§ **Exercise instructions**: Within the entries below, please retype exactly the lines starting with the line that has "Sculptural rounded cushioning" and going on through the line that has "Наволочка Ventura Life", but not the pictures.
───── Material for this exercise ─────
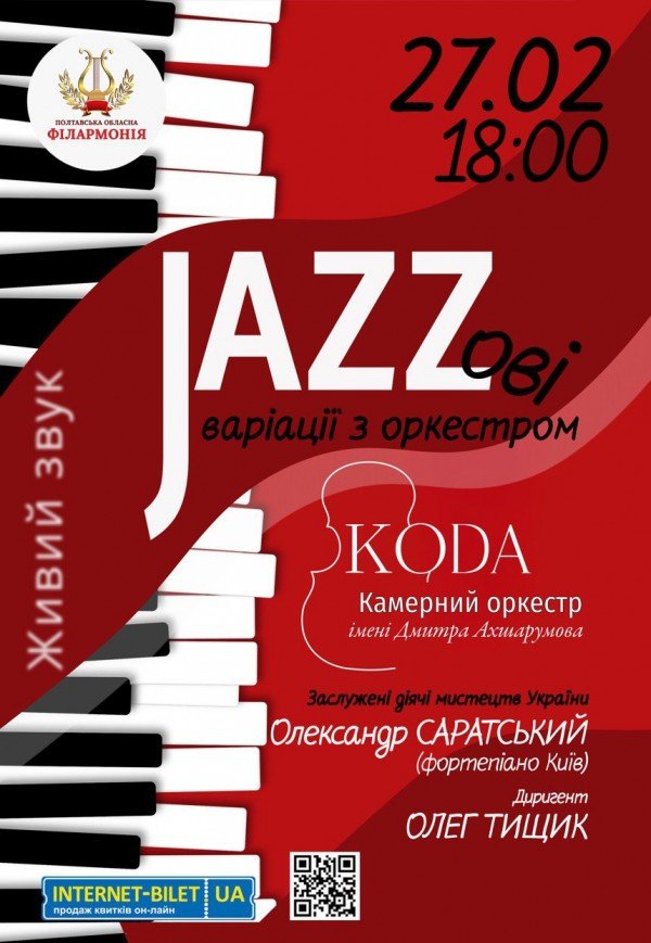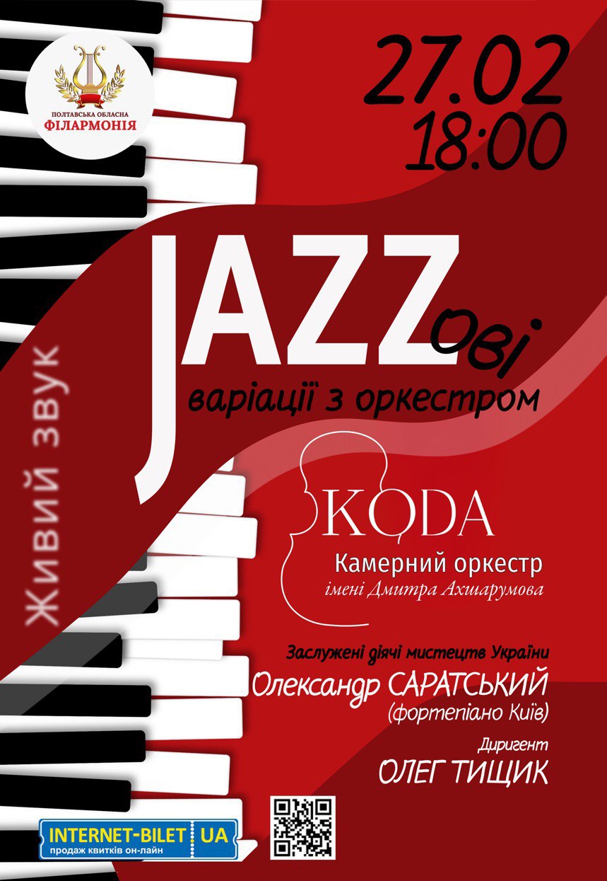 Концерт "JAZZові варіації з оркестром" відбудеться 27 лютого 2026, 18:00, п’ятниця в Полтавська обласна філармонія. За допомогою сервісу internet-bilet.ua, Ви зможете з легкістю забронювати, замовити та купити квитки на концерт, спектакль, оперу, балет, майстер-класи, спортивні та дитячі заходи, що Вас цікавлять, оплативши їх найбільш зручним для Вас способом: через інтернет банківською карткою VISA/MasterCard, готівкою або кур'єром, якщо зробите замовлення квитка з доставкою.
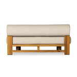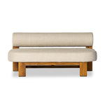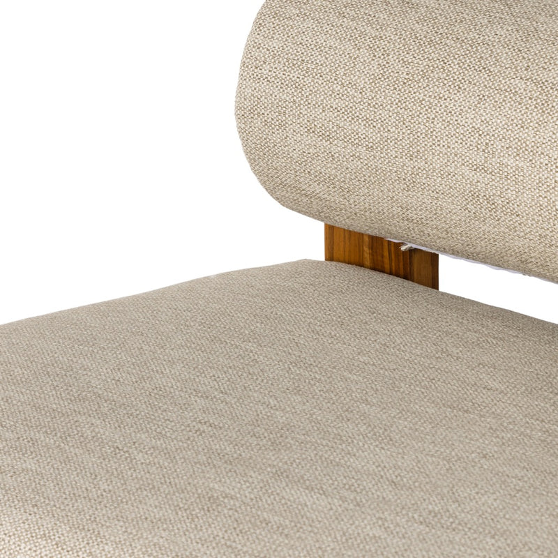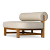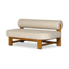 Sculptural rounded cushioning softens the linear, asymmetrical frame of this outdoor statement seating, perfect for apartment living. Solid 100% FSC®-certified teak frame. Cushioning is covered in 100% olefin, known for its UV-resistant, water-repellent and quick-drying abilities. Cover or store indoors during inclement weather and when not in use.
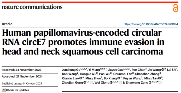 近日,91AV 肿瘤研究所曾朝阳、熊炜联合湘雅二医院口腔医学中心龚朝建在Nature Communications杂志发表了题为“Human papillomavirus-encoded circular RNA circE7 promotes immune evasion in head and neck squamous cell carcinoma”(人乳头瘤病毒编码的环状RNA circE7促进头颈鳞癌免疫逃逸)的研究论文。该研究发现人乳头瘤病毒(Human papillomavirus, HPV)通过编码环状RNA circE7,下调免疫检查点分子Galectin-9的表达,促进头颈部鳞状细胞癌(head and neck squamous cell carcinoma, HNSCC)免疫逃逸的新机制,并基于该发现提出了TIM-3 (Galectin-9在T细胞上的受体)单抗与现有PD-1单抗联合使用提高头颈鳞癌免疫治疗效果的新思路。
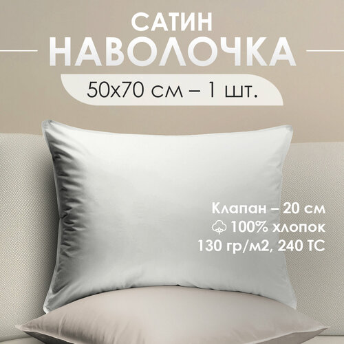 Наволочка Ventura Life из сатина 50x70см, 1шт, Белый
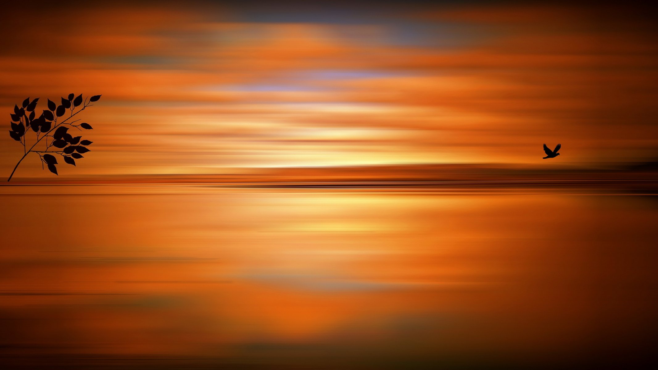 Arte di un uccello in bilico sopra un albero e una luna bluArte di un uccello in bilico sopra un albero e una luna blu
─────
§ **Result**:
 Sculptural rounded cushioning softens the linear, asymmetrical frame of this outdoor statement seating, perfect for apartment living. Solid 100% FSC®-certified teak frame. Cushioning is covered in 100% olefin, known for its UV-resistant, water-repellent and quick-drying abilities. Cover or store indoors during inclement weather and when not in use.
 近日,91AV 肿瘤研究所曾朝阳、熊炜联合湘雅二医院口腔医学中心龚朝建在Nature Communications杂志发表了题为“Human papillomavirus-encoded circular RNA circE7 promotes immune evasion in head and neck squamous cell carcinoma”(人乳头瘤病毒编码的环状RNA circE7促进头颈鳞癌免疫逃逸)的研究论文。该研究发现人乳头瘤病毒(Human papillomavirus, HPV)通过编码环状RNA circE7,下调免疫检查点分子Galectin-9的表达,促进头颈部鳞状细胞癌(head and neck squamous cell carcinoma, HNSCC)免疫逃逸的新机制,并基于该发现提出了TIM-3 (Galectin-9在T细胞上的受体)单抗与现有PD-1单抗联合使用提高头颈鳞癌免疫治疗效果的新思路。
 Наволочка Ventura Life из сатина 50x70см, 1шт, Белый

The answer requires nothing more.